## Work to complete
Leave out the pictures, and retype only the lines from the beginning of the material through the line that contains "India is home", including both.

## Exercise data
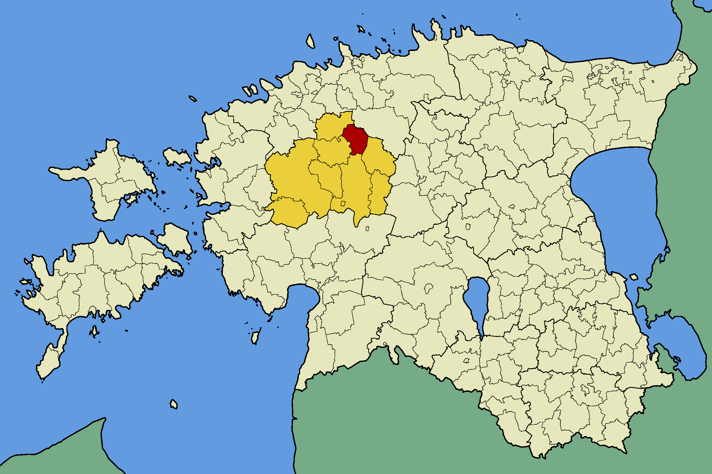 Map of Estonia with borders of municipalities (parishes). Rapla county and Juuru municipality emphasized.
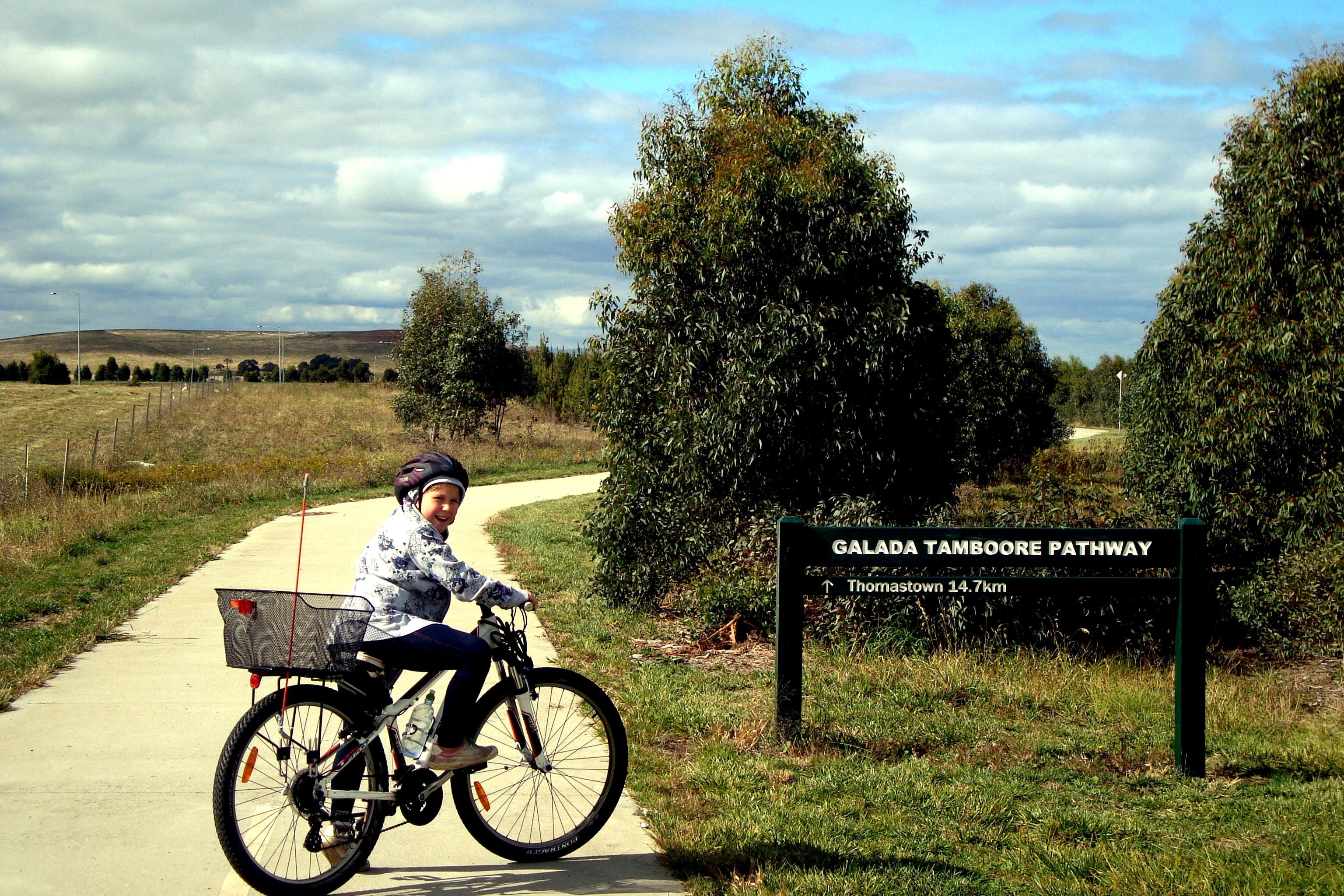 At the start of the Galada Tamboore Cycle Path at Craigieburn. The path follows the M31 Hume Freeway for 14.7km from Craigieburn to Thomastown where it meets the Western Ring Road Path. It was constructed when the Hume Freeway Craigieburn Bypass was built.
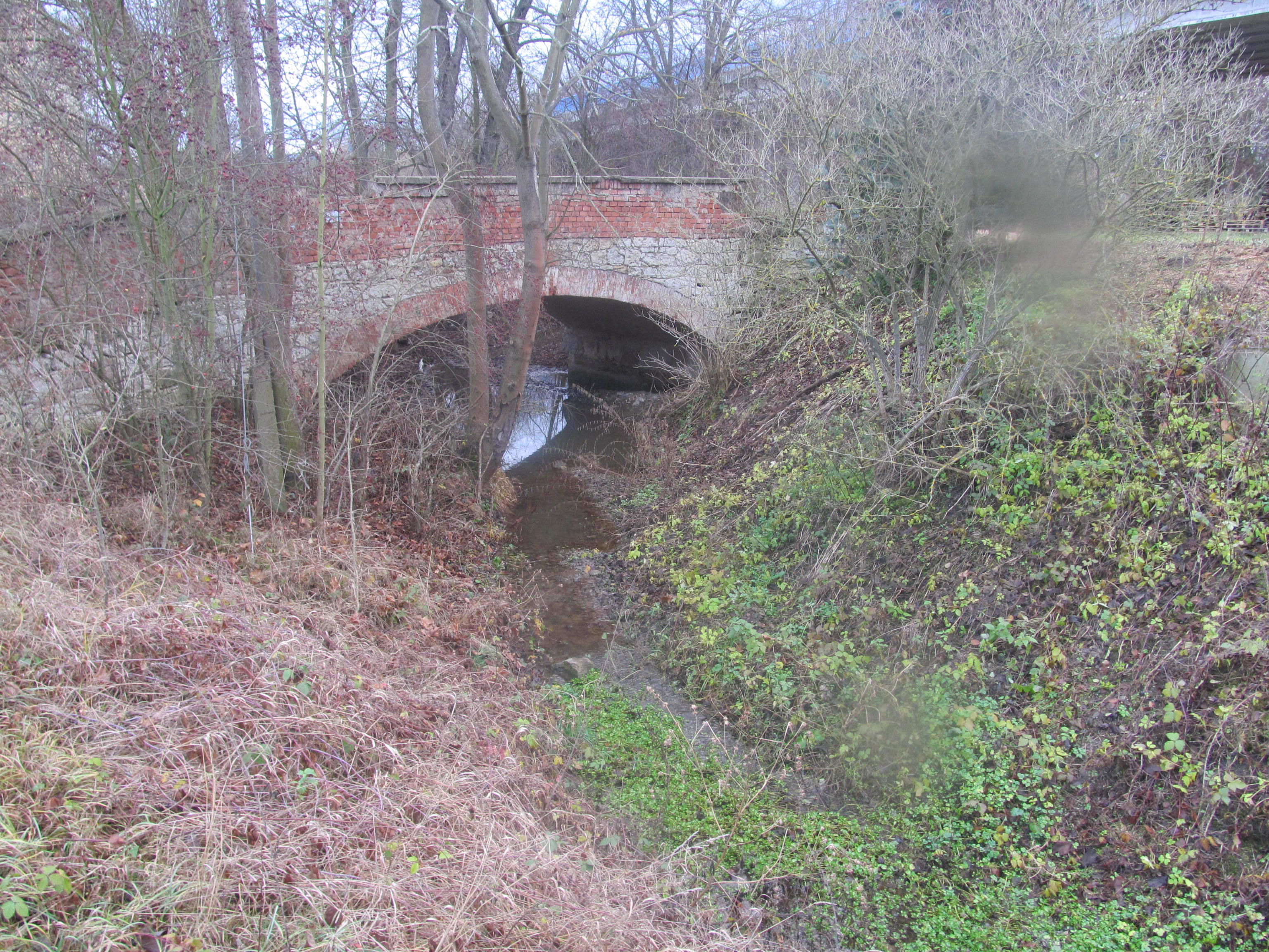 Bridge over Radičeveská strouha in Trnovany
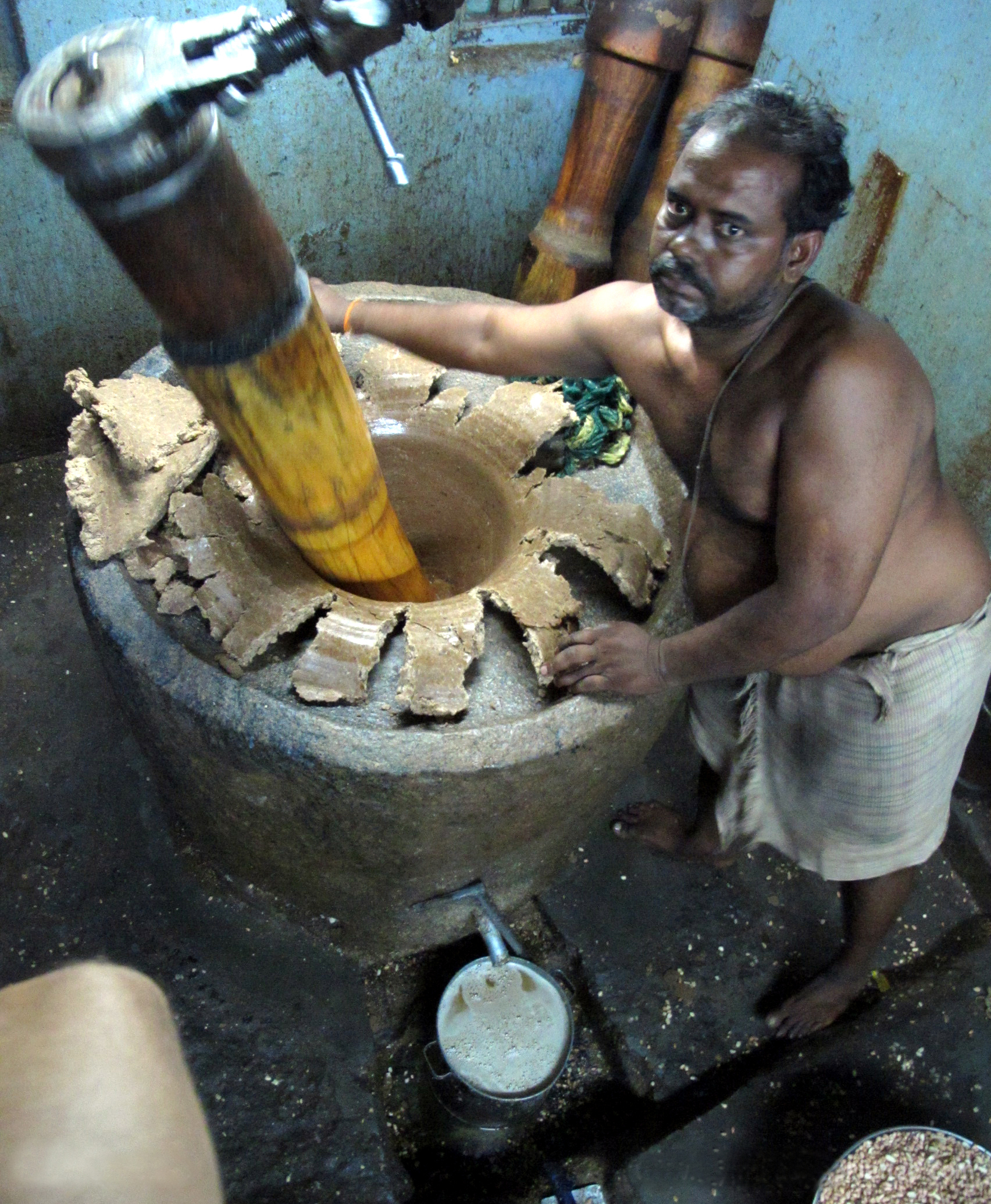 India is home to sesame but Tahini - sesame paste - is nowhere to be found. Oil is extracted by ghani by traditional cold press process. Although farmers from Rajasthan to Tamil Nadu harvest sesame and every little village had it's own mill and oil press shop, I couldn't find sesame paste. So for my favor dish, Tahini, I had to get sesame oil, buy seeds at the market, then grind the seeds in a mortar & pestle or a 'mixi' (little chutney blender, more like a coffee bean grinder) while adding in the oil until reaching a smooth paste consistency. So does the paste disapear to in the process of turning seeds into oil in those mills ? Well, it's a stage on the process but it never stops there. After 2 hours of pressing the seeds the oil is all drained and the leftover 'cake' (as seen in the photo here) is given out to cows...
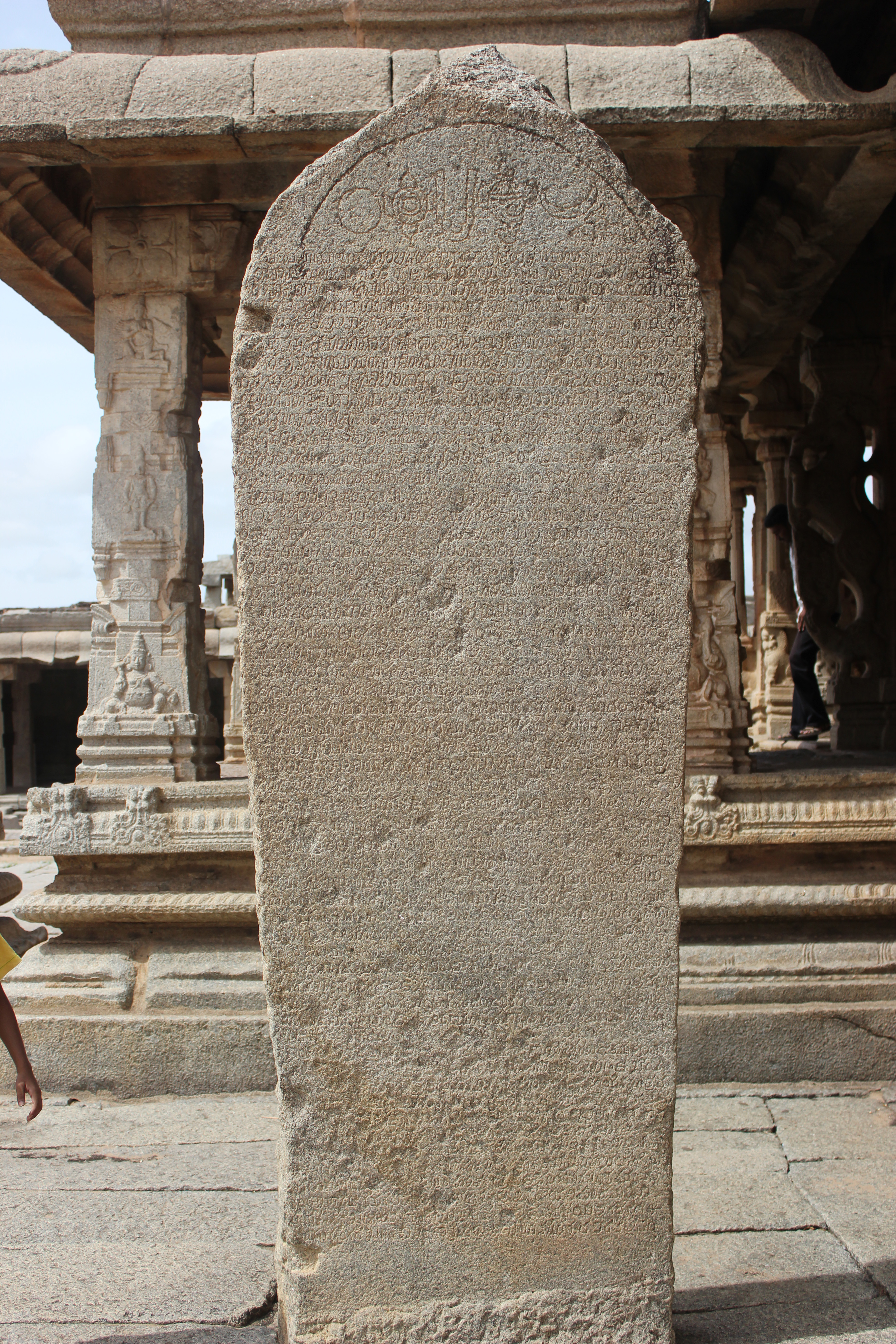 This photograph of a Kannada language inscription dated 1513 A.D. of King Krishnadeva Raya was taken by me in the Krishna temple at Hampi, a UNESCO world heritage site in Bellary district, Karnataka state, India. The inscription describes the king's victories over the Gajapati Kingdom of Orissa

## Answer box
 Map of Estonia with borders of municipalities (parishes). Rapla county and Juuru municipality emphasized.
 At the start of the Galada Tamboore Cycle Path at Craigieburn. The path follows the M31 Hume Freeway for 14.7km from Craigieburn to Thomastown where it meets the Western Ring Road Path. It was constructed when the Hume Freeway Craigieburn Bypass was built.
 Bridge over Radičeveská strouha in Trnovany
 India is home to sesame but Tahini - sesame paste - is nowhere to be found. Oil is extracted by ghani by traditional cold press process. Although farmers from Rajasthan to Tamil Nadu harvest sesame and every little village had it's own mill and oil press shop, I couldn't find sesame paste. So for my favor dish, Tahini, I had to get sesame oil, buy seeds at the market, then grind the seeds in a mortar & pestle or a 'mixi' (little chutney blender, more like a coffee bean grinder) while adding in the oil until reaching a smooth paste consistency. So does the paste disapear to in the process of turning seeds into oil in those mills ? Well, it's a stage on the process but it never stops there. After 2 hours of pressing the seeds the oil is all drained and the leftover 'cake' (as seen in the photo here) is given out to cows...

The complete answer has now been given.